Suspect 95 : du nouveau dans la mort suspecte de la femme de l’artiste

Depuis le décès tragique de la femme de l’artiste ivoirien Suspect 95, le sujet occupe les discussions des fans de la star qui est par ailleurs le président du Syndicat des hommes.

Ce décès suspect est survenu le samedi dernier après un malaise au domicile de l’artiste alors que ce dernier était en prestation à Abidjan.

Selon les dernières révélations, au domicile de l’artiste, il a été découvert un pot de yaourt ouvert accompagné d’un poison à souris au chevet du lit.
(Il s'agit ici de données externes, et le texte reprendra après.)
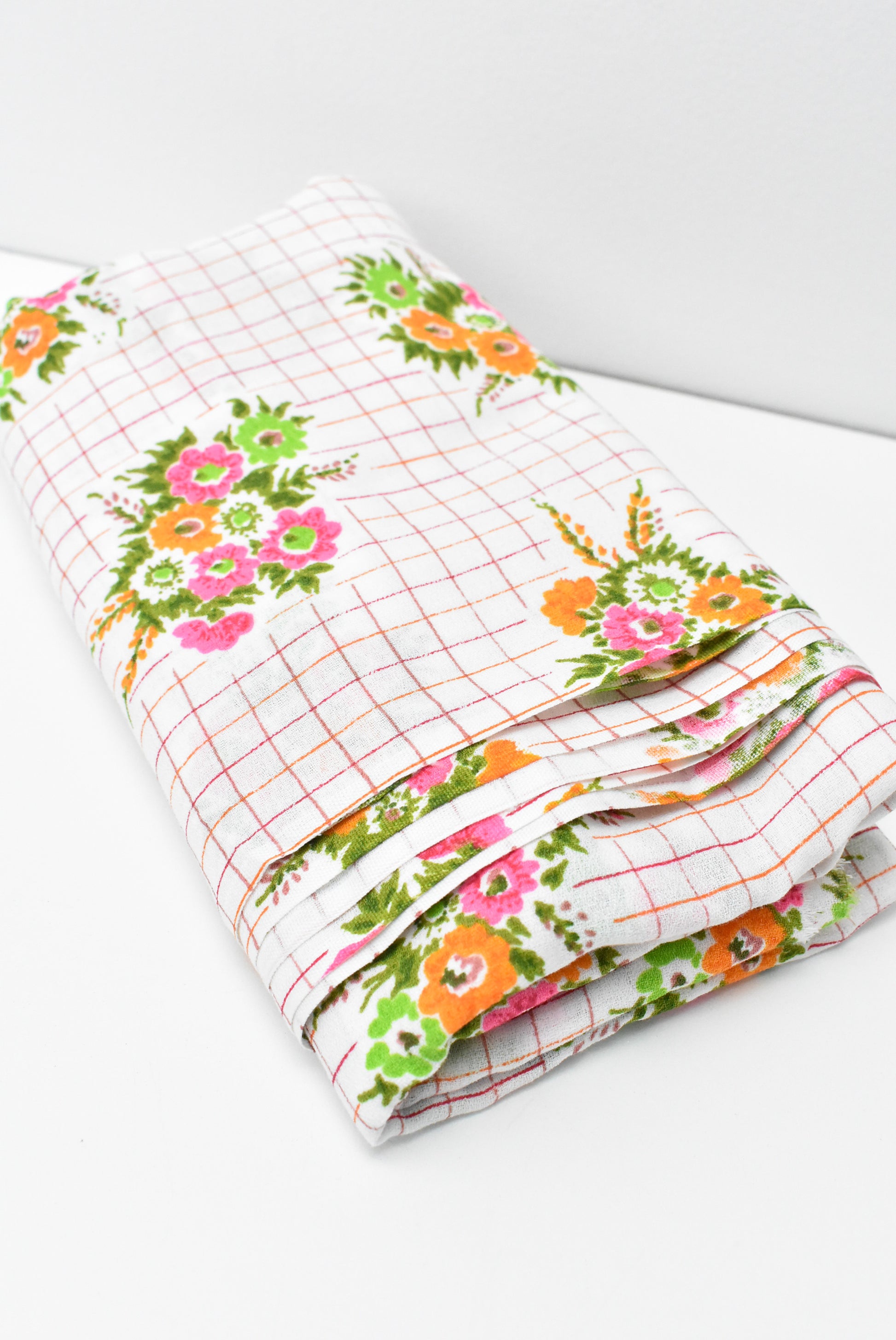- Description: Retro fabric, florals on a checked background. Enough to make a top or decorative panels on a dress.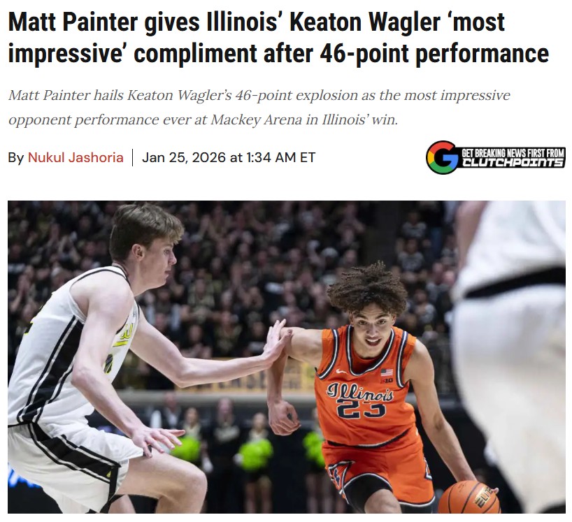 GalacticGiraffe+FollowWagler Drops 46, Illini Stun Purdue!Keaton Wagler just etched his name in Illini lore, torching Purdue for a record-breaking 46 points in Mackey Arena! The Boilermakers barely turned it over, but the freshman phenom was simply unstoppable. With the frontcourt raining threes and no Kylan Boswell, Illinois showed why they might have the best offense in the country. Is this Underwood’s best squad yet? Let’s hear your takes on this instant classic! #Sports #IllinoisBasketball #KeatonWagler00Share

La police s’est saisie de l’affaire pour faire la lumière sur ce qui défraie désormais la chronique sur les réseaux sociaux.

Alors que cette vague de spéculations va bon train avec la mort tragique de Astrid, la compagne de Suspect 95, la police n’a pour l’heure inculpé personne.

C’est l’un des proches du rappeur, joint par un confrère ivoirien qui a livré quelques jours après des confidences.

Selon ce dernier, le “samedi 12 décembre à 15heures, Suspect 95 était à Yopougon au centre commercial Cosmos pour une prestation. Il devait aussi dans la même commune, entamer le tournage d’un clip pour son nouveau single. En attendant donc de satisfaire cet agenda bien chargé, il a reçu un coup de fil de sa mère, lui demandant de rentrer chez lui urgemment. Ce qu’il fit aussitôt… ! Une fois sur les lieux, l’urgence s’agissait de sa femme Astrid en pleine souffrance.”

Le proche du rappeur poursuit en affirmant qu’une fois sur les lieux, Suspect 95 “a alors alerté le SAMU qui a rappliqué, mais, malheureusement, en vain. Sa femme a rendu l’âme au cours de son transfert vers un centre de prise en charge”.

“Quand on est revenu à la maison avec Suspect 95 après le décès, on a découvert un pot de yaourt ouvert accompagné d’un poison à souris au chevet du lit. Le décor pas très rassurant pour Suspect 95, il a de cette façon informé la police pour des investigations “, a poursuivi ce proche qui a préféré garder l’anonymat.

Dans cette histoire suspecte, l’enquête ouverte est toujours en cours pour mettre en lumière les zones d’ombres de l’affaire.